Harbour life

Sitting on the bow, decks splattered brown with Saharan rain. I am watching a fishing village roll through Saturday hours like children in long grass.

The quay is idly slung with scruffy day boats, scuffed but usefully awaiting a steady grandfather or his cocky son. Larger, though no smarter vessels occupy alongside positions whilst their owners focus on greasy engine parts and convivially bend over unruly nets.

It is quiet save for the hum of worn cars executing endless local missions of collection and delivery, of shopping and visiting. Ignitions left unattended, exhaust slipping into sea breezes and all the while who cares.

We recently welcomed the arrival of an Irish gentleman who managed his hereditary portion of luck and charm with soft vowels and gentle inclinations of head and hands.
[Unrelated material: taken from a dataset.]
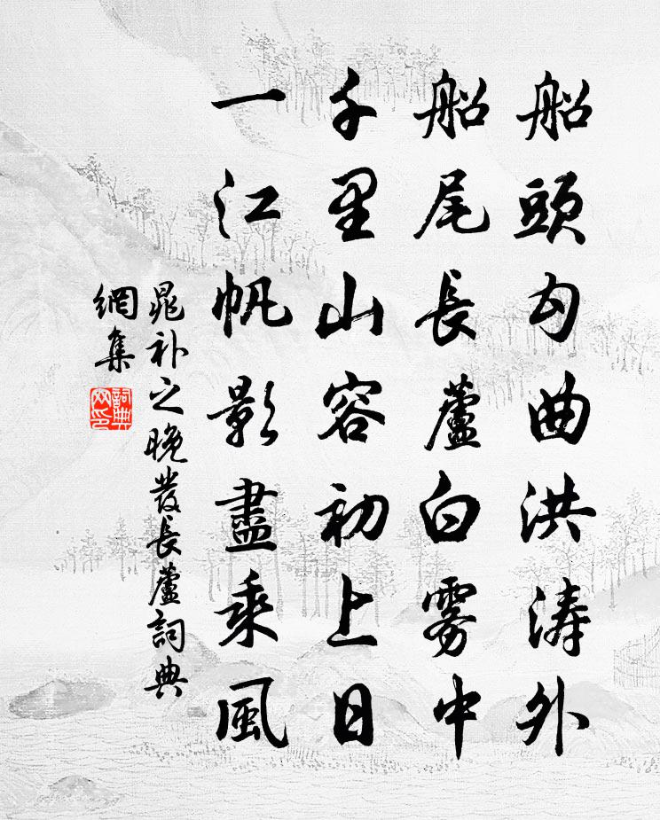 船頭勾曲洪濤外,船尾長蘆白霧中。千里山容初上日,一江帆影盡乘風。

His diminutive Scandinavian sloop slid alongside as we took his lines and lowered our fenders. He seemed so touched that we failed to comment as he straddled our anchor chain…. but hey we’re not perfect at this game either! So we chatted easily about books, (even swapped a couple) then of his daring expedition from Dublin to The Med.

These days swifts are seeking partners and new homes in this beautiful verdant cove. One swoops and shimmers beneath our bow, closely pursued by an admiring lover…and then there are three. Suddenly a quartet becomes an orchestra and a silent symphony of dancing sparkling feathers, beaks and tails plays just for my eyes. And then is gone.

It sounds like paradise and today, for those who thrive on typical harbour life it certainly is.

Not always so…last week and the one before belonged to a regular chartered armada of Eastern European sailing boys and their high spirited partners. Scores of 12-18 metre yachts and catamarans filled the local straits as they charged round the cans and yelled at the organising rib crews. At night they poured into the local harbours (60+ were counted here), took massive deliveries of vodka and beer and boosted the buckets beneath the tills. These events always surround May day but there was much relief that nationalistic displays of flags and the blaring of anthems, as witnessed in previous years, were kept under wraps.

We often meet Russian and Ukrainian families, always enjoying conversations in broken English and general helpfulness but as with many large groups there is little interaction and definitely no eye contact with this competitive lot.

Our hearty lunch of boiled beetroot leaves and stalks, topped with grated raw beets, orange chunks and walnuts is wearing off. Time for a walk.

The dark side of life on this quay, the shadowy hours past bedtime, we only know in part. We are frequently yodelled out of a short but deep sleep by a couple of over ouzo-ed lads or unselfconscious lovers having a high-pitched tiff. The background notes of optimistic fishermen, poised and peering for hours while tiddlers play night games, generally erupt into departure rumbles of car doors and extended ‘see you tomorrow‘ farewells.

Simultaneously and regularly at 3am, a couple of faithful little fishing boats fire up and leave their safe base for another session of sitting in deep waters. Through the night the clock chimes the hour and dongs the half.

It can be with great relief that we herald a new day with Earl Grey at 8am, always faithfully woken by a wet nosed labrador invading our pillows.